In the same way that I used to scour sing365.com for the perfect Third Eye Blind lyrics to post on my AIM profile, I spent a large part of the evening scouring poets.org for some validatingly high-profile words to capture the day’s sentiments. I’ll always be insecure about staking my space in the blogosphere. Why would you care about how emo Sarah was today? If I explained through Susan Dodd would I be legitimized? Nope.

So anyways I’ll just tell you what I did today. Woke up, watched Snow Falling on Cedars (that shit was GREAT!) ran, wheezed, went to Epsteins with a dear friend, got drunk, walked from Houston to 59th, pacing with the wind in my hair and Adele blaring with vocally-precarious gusto, came home, set up shop*

*Wait – sidenote – I decided to “get my money’s worth” of my rent and SET UP SHOP on my fire escape. By shop I mean what you see.

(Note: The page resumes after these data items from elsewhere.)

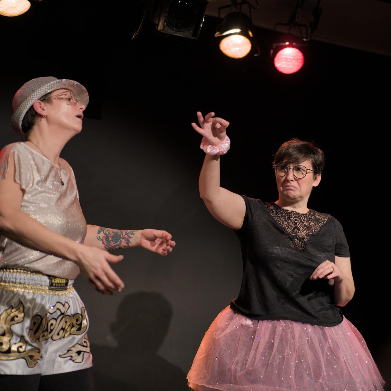 Les styles d’impros se succèdent,“doublage de film américain” par exemple où un membre du duo fait les gestes et l’autre membre dit le texte qui doit correspondre ; ou style “abécédaire” qui nécessite une grande écoute mutuelle et une capacité d’invention pour débuter sa réplique avec des lettres aussi difficiles que le H ou le K par exemple. Pour certains styles, l’arbitre accélère le rythme, ce qui demande une adaptation rapide aux personnages.
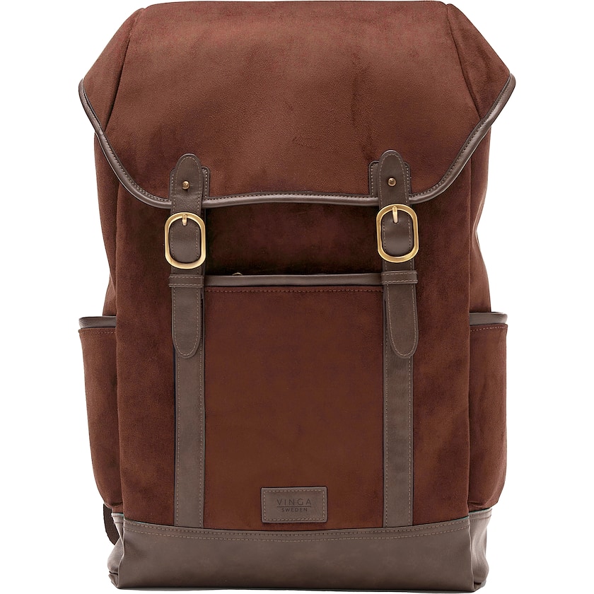 Exklusiv datorryggsäck i klassisk design. Ryggsäcken har ett exklusivt tyg av mockaimitation och vackra mässingsdetaljer. Invändigt finns ett vadderat fack för en 17 tums laptop.
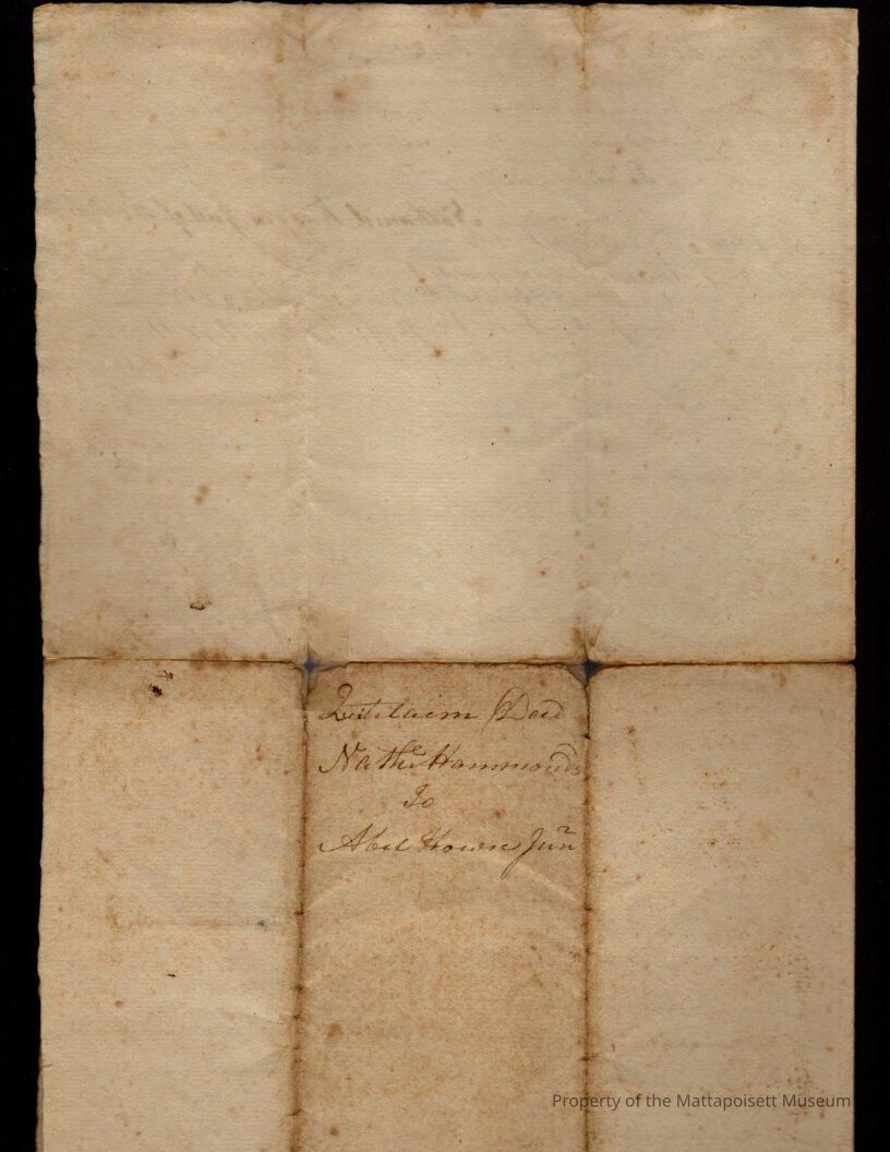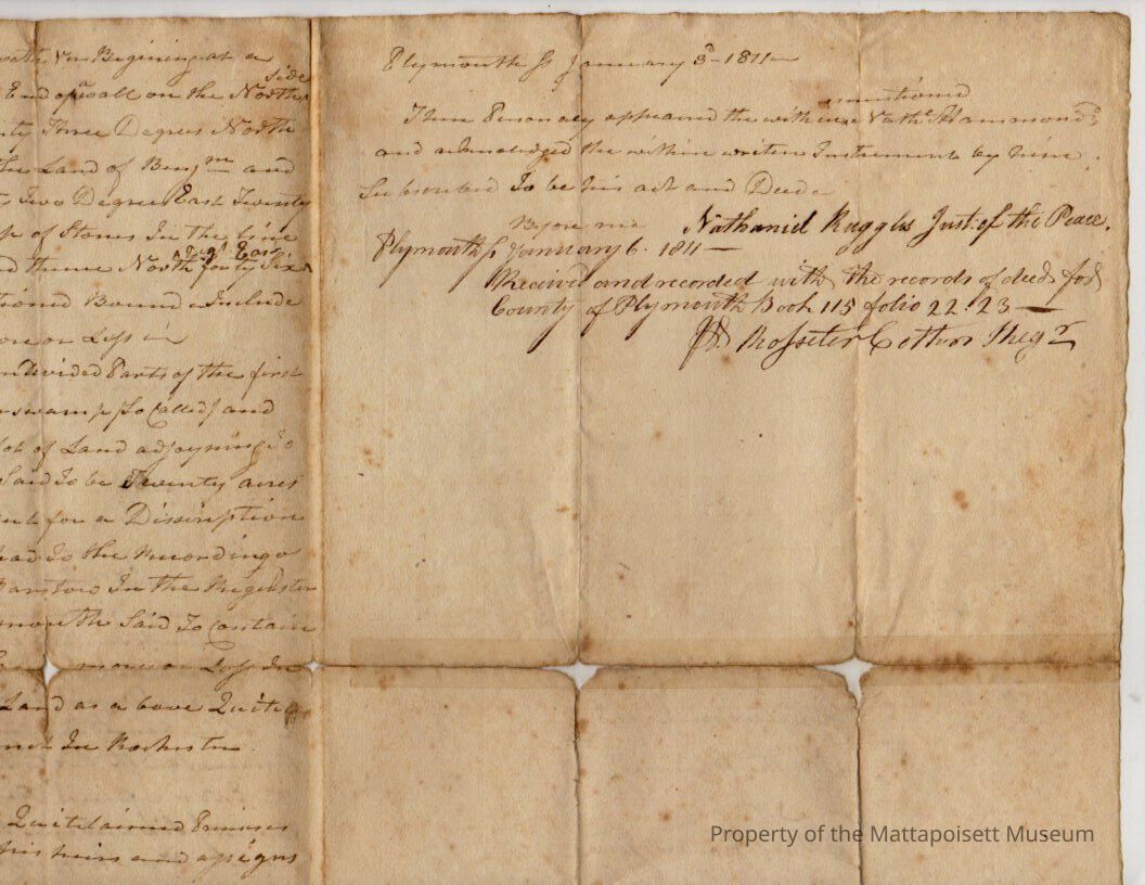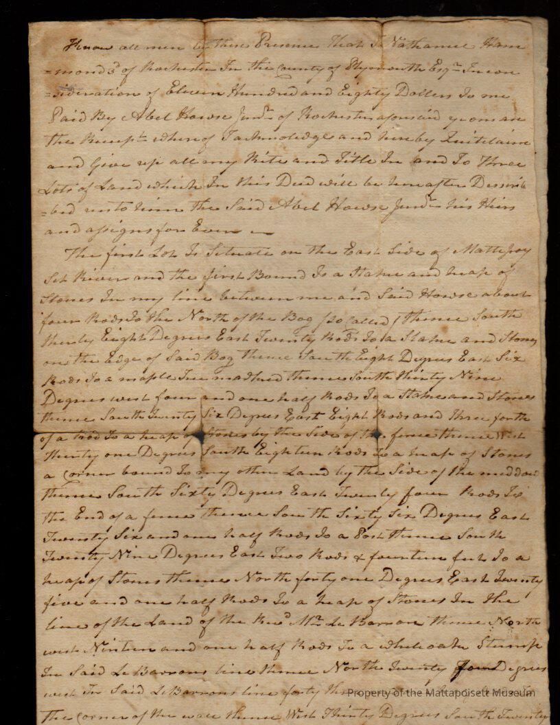 Deed, Nathaniel Hammond to Abel House. $1,180, lot on east side of Mattepoyset River.Collection

Beer, soccer mom chair (GO LADY TIGERS! etc.), laptop, and down jacket as it is not warm in New York City. Sidenote to sidenote – my wonderful roommate photographed me (“Sarah! Take a picture of me being badass on the fire escape!”…”Ok?”). My fingers are like turgid little pickles because its ultraconservacold. They hurt Rush Limbaugh bad. I’m going to go inside.

Okay now I’m inside. I like to keep it short, keep it fly. So I’ll just end by saying that I listened to this song very much a lot today. Cristobal by Devendra Banhart. Yeah yeah but good okay?! It made me think of a lot of things: my increasing wanderlust (should I do the PeaceCorps?), all of the food I want to eat before I die (turgid pickles: a priority), how I potentially contracted a $6 manicure fungal disease today, how my personality would differ if my name was Lamaiaia, and lots of other profound things.

I really liked Snow Falling on Cedars. Ethan Hawke, another reason why 1999 was a better time.